Darauf reagierte Kathrin Vogler, MdB (Die Linke) und selbst Mitglied im entsprechenden Unterausschuss, ihrerseits mit einem Brief, den sie an die Friedensbewegung schickte. Darin argumentiert sie prinzipiell gegen den Vorschlag des Unterausschusses und warnt die Friedensbewegung davor, in Kooperationsvereinbarungen zwischen Kultusministerien und "Nichtregierungsorganisationen" eine Lösung zu sehen.
Wir dokumentieren im Folgenden den Brief von Kathrin Vogler im vollen Wortlaut.
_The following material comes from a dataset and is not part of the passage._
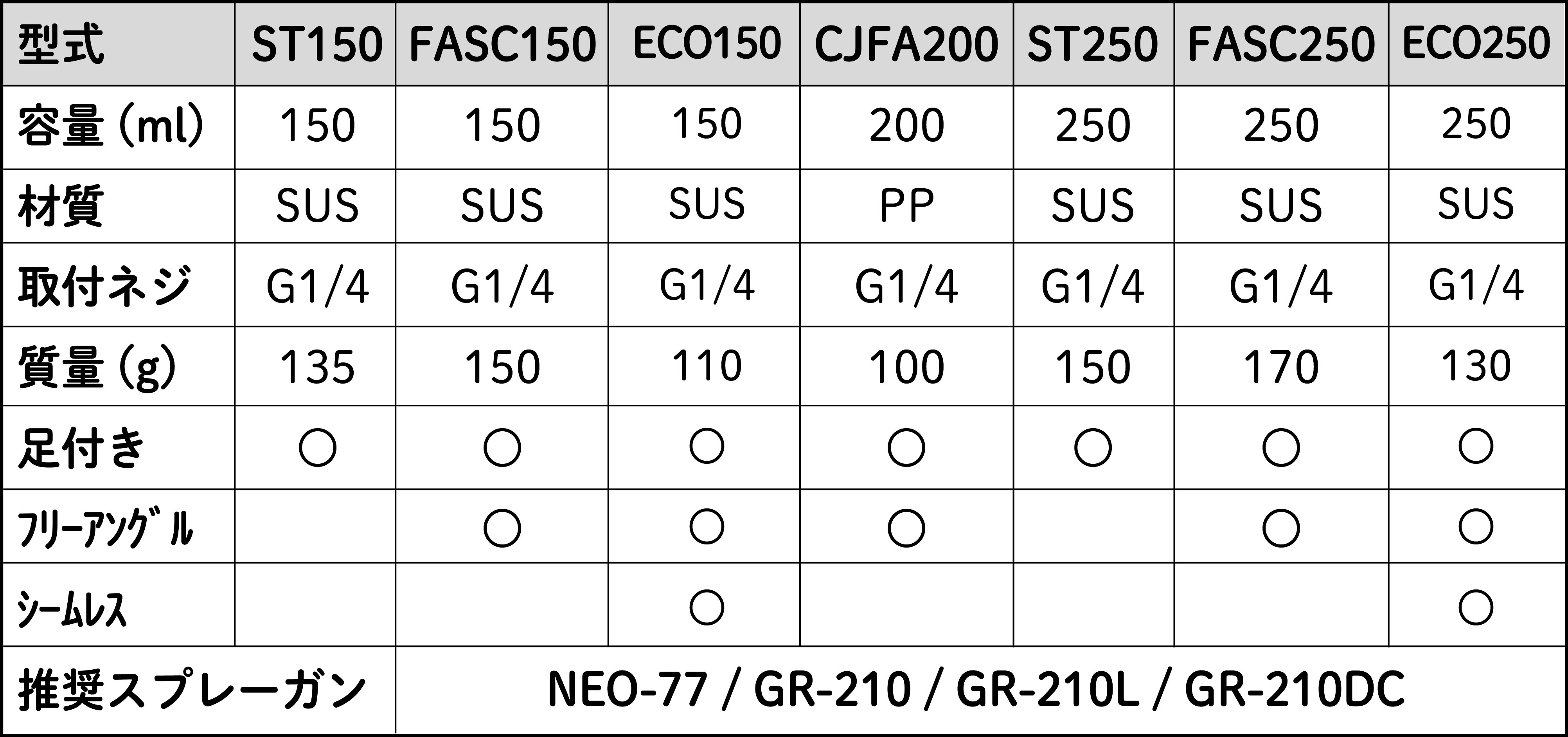 - 小型 重力式カップ 比較表 -

An Organisationen der Friedensbewegung
Liebe Freundinnen und Freunde,
die Obleute von CDU/CSU, FDP, SPD und Grünen im
Bundestagsunterausschuss Zivile Krisenprävention
haben einen gemeinsamen Brief an den Präsidenten
der Kultusministerkonferenz gesandt, in dem sie für
Kooperationsvereinbarungen mit Nichtregierungsorganisationen
analog der Kooperationsvereinbarungen,
die einige Bundesländer mit der Bundeswehr geschlossen
haben, werben, um mehr zivile Fachkräfte
in die Schulen zu bringen, die dort „Fragen ziviler
Krisenprävention und vernetzter Sicherheit“ diskutieren
sollen.
Ich habe diesen Brief nicht unterschrieben. Selbstverständlich
ist es auch für mich ein Anliegen, dass in
den Schulen für Zivile Konfliktbearbeitung geworben
wird. Zivile Konfliktbearbeitung ist für mich aber
eine Alternative zum Militär, keine Ergänzung. Deshalb
kann ich nicht zustimmen, wenn gefordert wird,
dass zivile Experten im Rahmen der schulischen Bildungsarbeit
für die vernetzte Sicherheit und zivilmilitärische
Zusammenarbeit werben sollen.
Darüber hinaus lehne ich die Kooperationsvereinbarungen
mit der Bundeswehr, die im Brief der Unterausschuss-
Obleute an die KMK nur durch zivile
Fachkräfte ergänzt werden sollen, ab. Die Bundeswehr
hat in den Schulen nichts zu suchen.
In der Friedensbewegung wird schon länger diskutiert,
wie man mit den Kooperationsvereinbarungen
mit der Bundeswehr umgehen soll. Das ist eine
schwierige strategische Frage. Ich denke, dass Friedensorganisationen
gegenüber der Bundeswehr immer
in einer nachteiligen Lage sind. Friedensorganisationen
haben kaum hauptamtliche Kräfte, schon gar
keine, die extra für die Bildungsarbeit an Schulen freigestellt werden könnten. Auch
können Friedensorganisationen die psychologische, rhetorische und inhaltliche Fortbildung,
die Jugendoffiziere genießen, nicht leisten. Selbst Fahrtkosten stellen für Friedensorganisationen
im Gegensatz zur Bundeswehr eine Belastung dar. Zentrale Kooperationsvereinbarungen
mit den Kultusministerien sind für die Friedensbewegung wegen ihrer
dezentralen Struktur kein besonders adäquates Instrument. Ich denke, dass eine Ergänzung
der Kooperationsvereinbarungen um eine Passage zu zivilen Fachkräften keinen
Ausgleich dieser Nachteile bringen kann.
Für eine stärkere (auch finanzielle) Förderung von friedenspädagogischen Angeboten für
Schulen sollten wir uns aber mit aller Kraft gemeinsam einsetzen.